Postmortem tissues (from all major systems and organs) were prospectively collected and examined by standard institution autopsy and neuropathological procedures from 76 subjects, including gliomas (N = 68, 44/M, and 24/F) and brain metastases (N = 8, 5/M, and 3/F) between 2009 and 2019. Standard hematoxylin and eosin (H&E) were performed on all major organs including brain specimens. Electronic microscopic (EM) study was carried out on 14 selected subject's kidney samples per standard EM protocol. Medical records were reviewed with adverse events (AEs) analyzed and graded according to the Common Terminology Criteria for Adverse Events (CTCAE), version 4.03. A swimmer plot was utilized to visualize the timelines of patient history by treatment group. The binary logistic regression models were performed to explore any associations between treatment strategies and incident myelosuppression.

Twenty-four glioma subjects were treated with TIB [median: 5.5 (range: 1-25) cycles] at tumor recurrence. Exposure to IRI significantly increased the frequency of CM (p = 0.05). No unexpected adverse events clinically, or permanent end-organ damage during postmortem examination was identified in glioma subjects who had received standard or prolonged duration of BEV, TMZ or TIB regimen-based chemotherapies except rare events of bone marrow suppression. The most common causes of death (COD) were tumor progression (63.2%, N = 43) followed by aspiration pneumonia (48.5%, N = 33) in glioma subjects. No COD was attributed to acute toxicity from TIB. The study also demonstrated that postmortem kidney specimen is unsuitable for studying renal ultrastructural pathological changes due to autolysis.
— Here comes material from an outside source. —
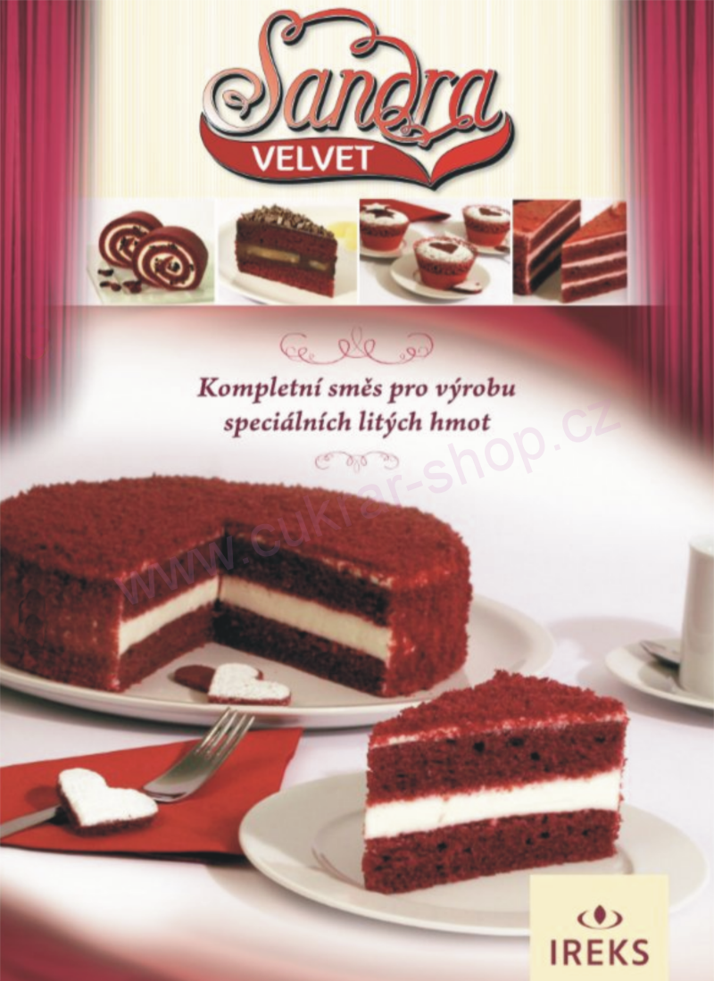 Sandru VELVET charakterizuje následující popis: Velkou předností použití Sandry VELVET je jednoduchá příprava korpusu. Díky své specifické barvě se hodí pro výrobky amerického stylu „Red Velvet“. Možné je její samostatné použití s pouhým dozdobením povrchu, jako je tomu například u výrobků typu „Cupcakes“ neboli košíčků. Roládové pláty ze Sandry VELVET jsou pružné a ohebné. Korpusy z této hmoty jsou šťavnaté, mají kompaktní a hladký povrch.
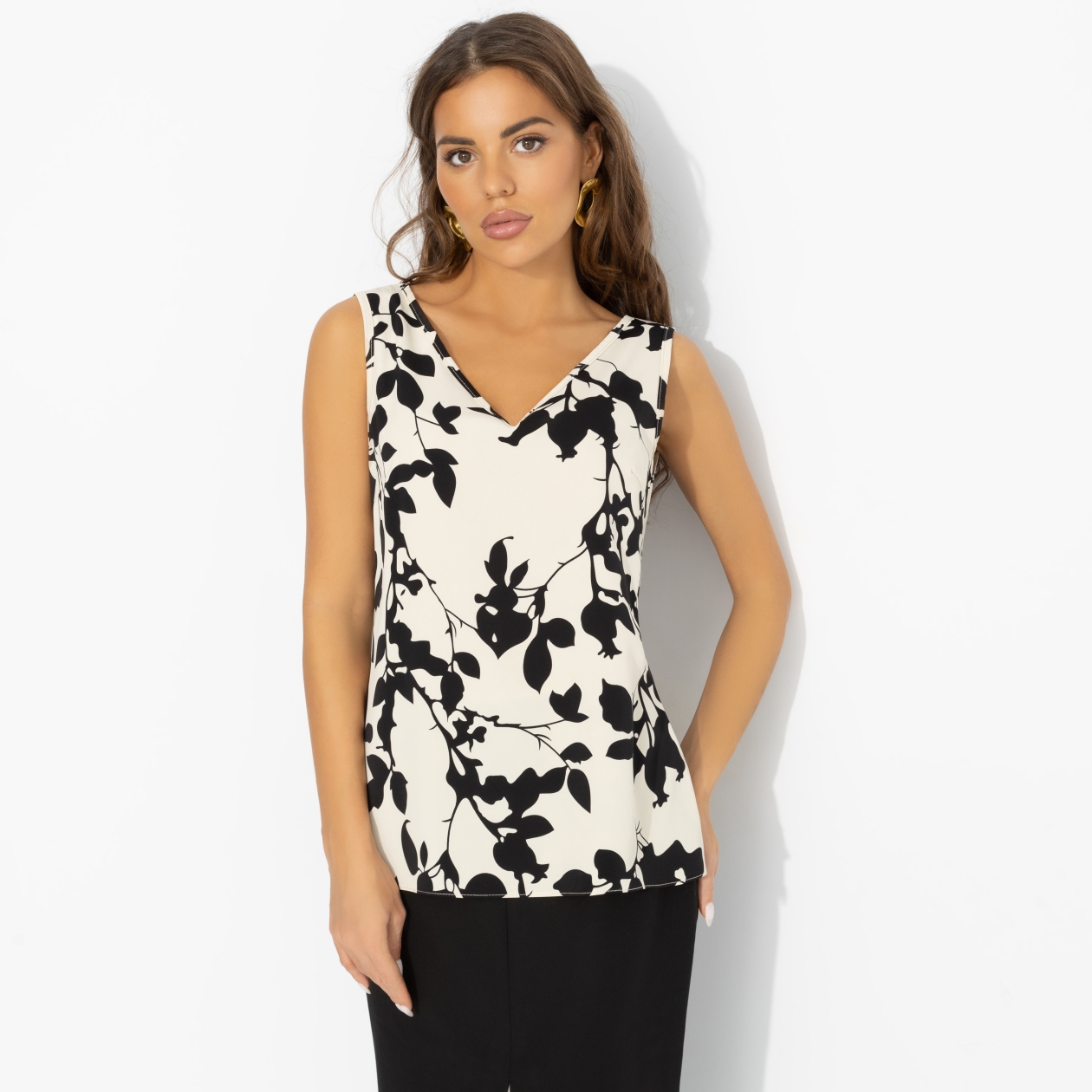 Трендрепорт Pinterest говорит: декаданс вернулся в чёрно‑белых силуэтах. Этот топ из дубайского шёлка – словно кадр из хорошего кино: контрастный принт повторяет линии листвы и теней, а лаконичный V‑вырез оставляет ровно столько обнажённой кожи, сколько нужно, чтобы загадка оставалась неразгаданной. Лёгкий топ без рукавов с мягко драпирующимся вырезом и графичным растительным принтом легко вписывается и в деловой, и в вечерний образ. Носите его с лаконичной чёрной юбкой или строгим жакетом – и получите тот самый изысканный декаданс, который делает образ современным и чуть провокационным.

There is no organ or system toxicity by postmortem examinations among glioma subjects who received BEV, TMZ or TIB regimen-based chemotherapies regardless of durations except for occasional bone marrow suppression and reversible myelosuppression clinically. IRI, but not the extended use of TMZ, significantly increased CM in recurrent glioma patients. COD most commonly resulted from glioma [[tumor progression]] with infiltration to [[brain stem]] and [[aspiration pneumonia]]
((Lu G, Zhu P, Rao M, Linendoll N, Buja LM, Bhattacharjee MB, Brown RE, Ballester LY, Tian X, Pilichowska M, Wu JK, Hergenroeder GW, Glass WF, Chen L, Zhang R, Pillai AK, Hunter RL, Zhu JJ. Postmortem study of organ-specific toxicity in glioblastoma patients treated with a combination of temozolomide, irinotecan and bevacizumab. J Neurooncol. 2022 Oct 6. doi: 10.1007/s11060-022-04144-y. Epub ahead of print. PMID: 36203027.)).